/proxy2

HTTP/HTTPS proxy in a single python script

Primary LanguagePythonBSD 3-Clause "New" or "Revised" LicenseBSD-3-Clause

proxy2

HTTP/HTTPS proxy in a single python script

Features

  • easy to customize
  • require no external modules
  • support both of IPv4 and IPv6
  • support HTTP/1.1 Persistent Connection
  • support dynamic certificate generation for HTTPS intercept
  • all openssl operations does via pyopenssl api without any syscalls
  • support certificate generation with subjectAltName extension for prevent ERR_CERT_COMMON_NAME_INVALID error.

This script works on Python 2.7. You need to install OpenSSL to intercept HTTPS connections.

Usage

Just run as a script:

$ python proxy2.py

Above command runs the proxy on localhost:8080. Verify it works by typing the below command on another terminal of the same host.

$ http_proxy=localhost:8080 curl http://www.example.com/

proxy2 is made for debugging/testing, so it only accepts connections from localhost.

To use another port, specify the port number as the first argument.

$ python proxy2.py 3128

Enable HTTPS intercept

This proxy intercepts HTTPS connections automatically. It generates private keys and a private CA certificate during the first run or if it doesn't exist as ca.crt, cert.key and ca.key at ssl-data folder. You may change it names at ssl_wrapper.py file.

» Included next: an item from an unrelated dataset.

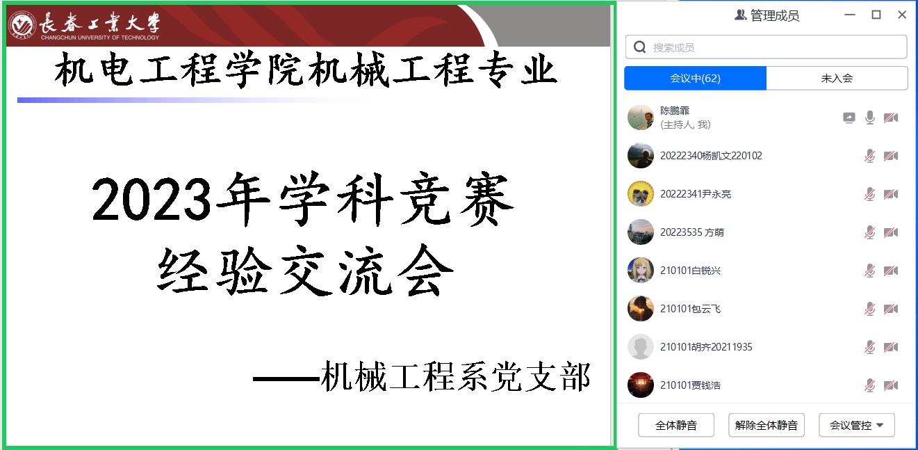 2023年10月23日,机械工程系支部书记陈鹏霏通过腾讯会议线上组织召开“机械工程专业学科竞赛经验交流会”。邀请到该专业已考取西安交通大学的谭鸿强同学与同学们交流参加专业学科竞赛的经验和心得,以及学科竞赛经历对专业学习、考研就业的积极作用。
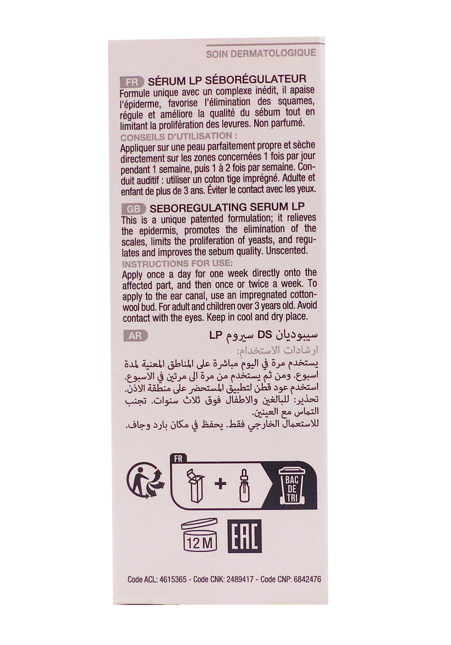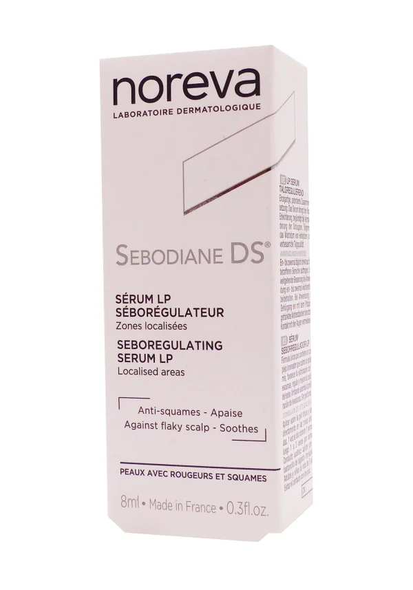 Noreva Sebodiane DS Sérum LP 8 ml est un soin dermatologique ciblé pour les états sébo‑squameux (peaux grasses avec rougeurs, squames et démangeaisons), notamment en cas de dermite séborrhéique sur le visage, le cuir chevelu ou certaines zones localisées (lisière du cuir chevelu, zones pileuses, conduit auditif externe). Ce sérum agit au cœur de la glande sébacée pour réguler la production de sébum, limiter la prolifération de levures impliquées dans ces états (comme Malassezia), apaiser les irritations et favoriser l’élimination des squames tout en améliorant la qualité du film hydrolipidique.

Through the proxy, you can access http://proxy2.test/ and install the CA certificate in the browsers.

Customization

You can easily customize the proxy and modify the requests/responses or save something to the files. The ProxyRequestHandler class has 3 methods to customize:

  • request_handler: called before accessing the upstream server
  • response_handler: called before responding to the client
  • save_handler: called after responding to the client with the exclusive lock, so you can safely write out to the terminal or the file system

By default, only save_handler is implemented which outputs HTTP(S) headers and some useful data to the standard output.